Work required
Please repeat each line from the one holding "Çin'in Kuzey İrlanda" through the final line of the data, exactly as it stands, with no pictures.
===== Provided data =====
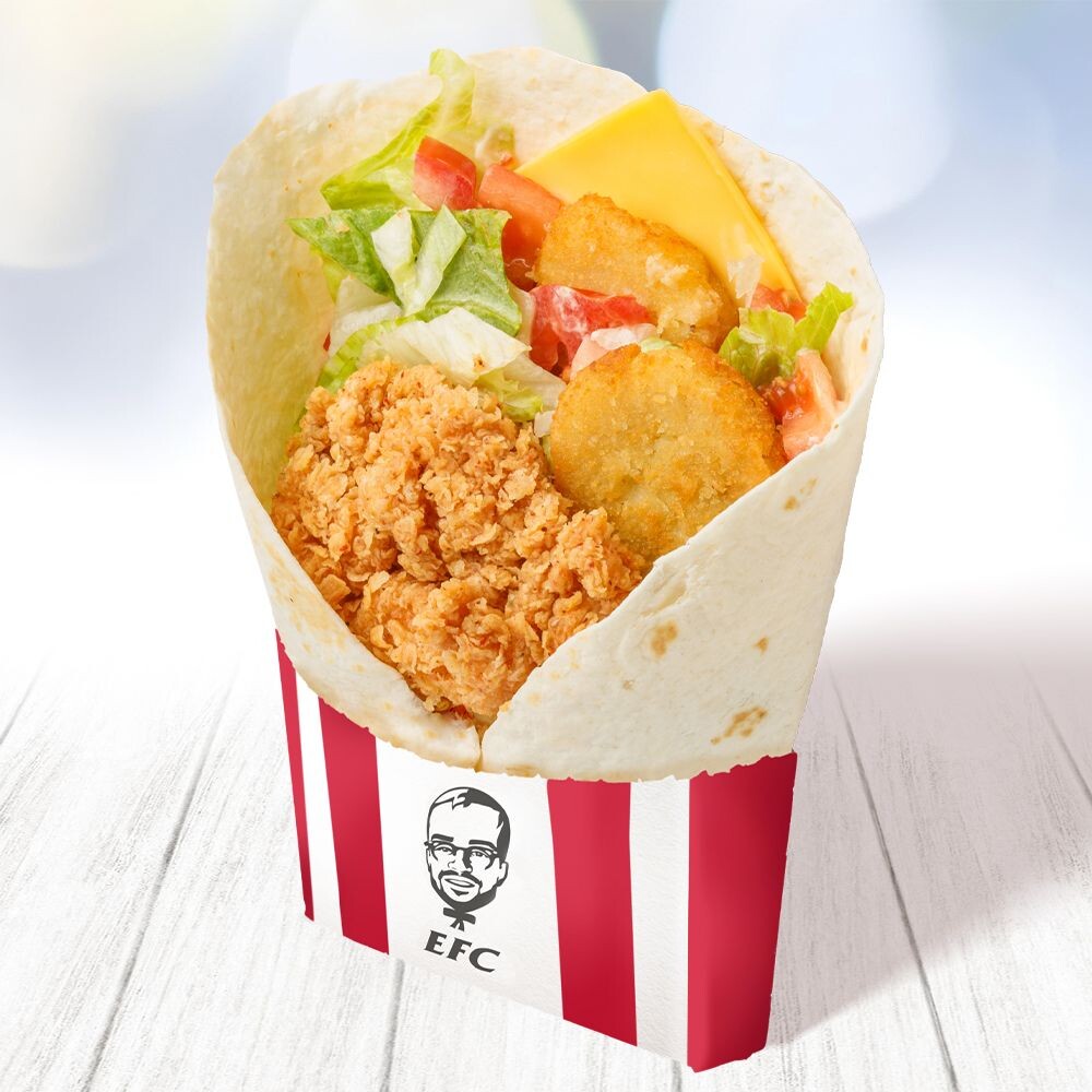 Пшеничная тортилья, сырный соус, помидор, айсберг, сыр чеддер, куриное филе в панировке
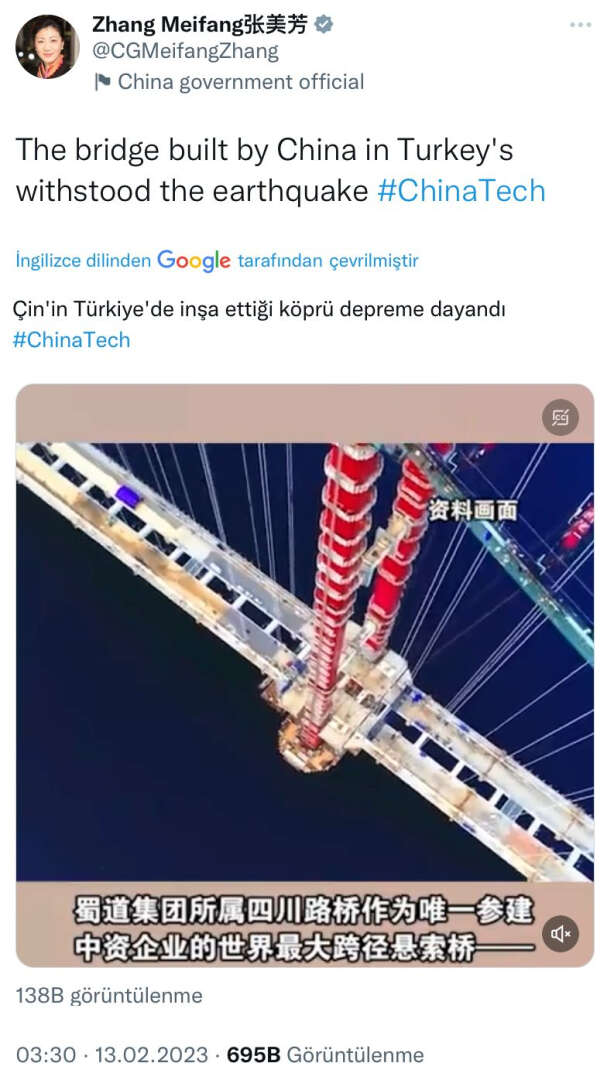 Çin'in Kuzey İrlanda Belfast Başkonsolosu Zhang Meifang, 1915 Çanakkale Köprüsü'nün Çin tarafından yapıldığını ileri sürdü. Türkiye'de yaşanan deprem felaketi nedeniyle açıklamalarda bulunan Çinli diplomat dikkat çeken mesajlarda bulundu. Başkonsolos Meifang, sosyal medya hesabından, "Çin'in Türkiye'de inşa ettiği köprü depreme dayandı" ifadelerini kullanarak; köprüyü Çin'in yaptığını iddia etti.
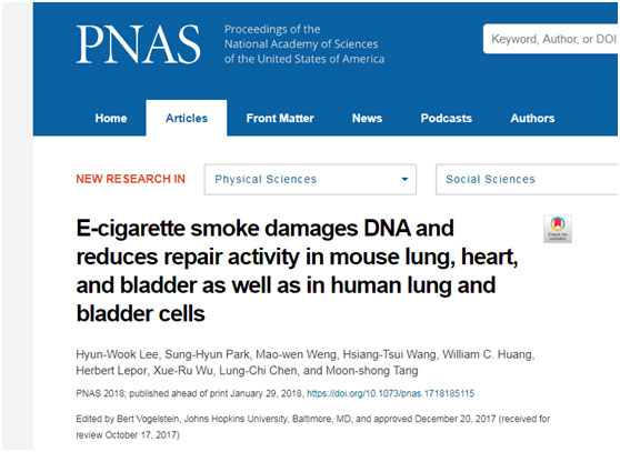 1、E-cigarette smoke damages DNA and reduces repair activity in mouse lung, heart, and bladder as well as in human lung and bladder cells.
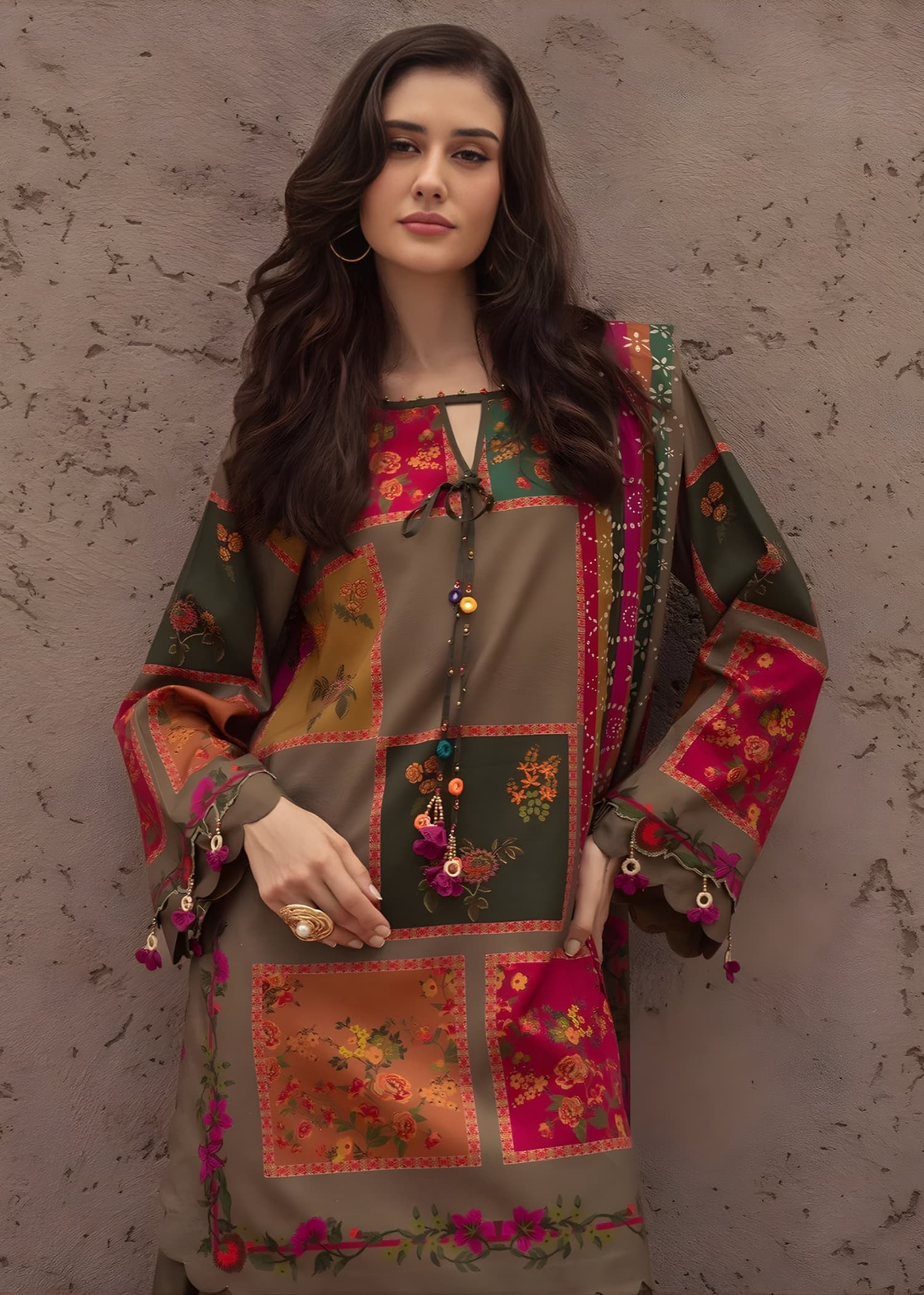Introducing Ruhi Noor, a premium 3-piece embroidered outfit crafted from high-quality Linen, designed to elevate your winter wardrobe with timeless grace. The striking shocking-pink hue, paired with intricate embroidery on the shirt front and sleeves, creates a refined festive look ideal for winter gatherings, family events, and elegant celebrations. Its soft drape, premium finish, and classic styling make Ruhi Noor a standout choice for the season.
=====
Solution to this task
 Çin'in Kuzey İrlanda Belfast Başkonsolosu Zhang Meifang, 1915 Çanakkale Köprüsü'nün Çin tarafından yapıldığını ileri sürdü. Türkiye'de yaşanan deprem felaketi nedeniyle açıklamalarda bulunan Çinli diplomat dikkat çeken mesajlarda bulundu. Başkonsolos Meifang, sosyal medya hesabından, "Çin'in Türkiye'de inşa ettiği köprü depreme dayandı" ifadelerini kullanarak; köprüyü Çin'in yaptığını iddia etti.
 1、E-cigarette smoke damages DNA and reduces repair activity in mouse lung, heart, and bladder as well as in human lung and bladder cells.
Introducing Ruhi Noor, a premium 3-piece embroidered outfit crafted from high-quality Linen, designed to elevate your winter wardrobe with timeless grace. The striking shocking-pink hue, paired with intricate embroidery on the shirt front and sleeves, creates a refined festive look ideal for winter gatherings, family events, and elegant celebrations. Its soft drape, premium finish, and classic styling make Ruhi Noor a standout choice for the season.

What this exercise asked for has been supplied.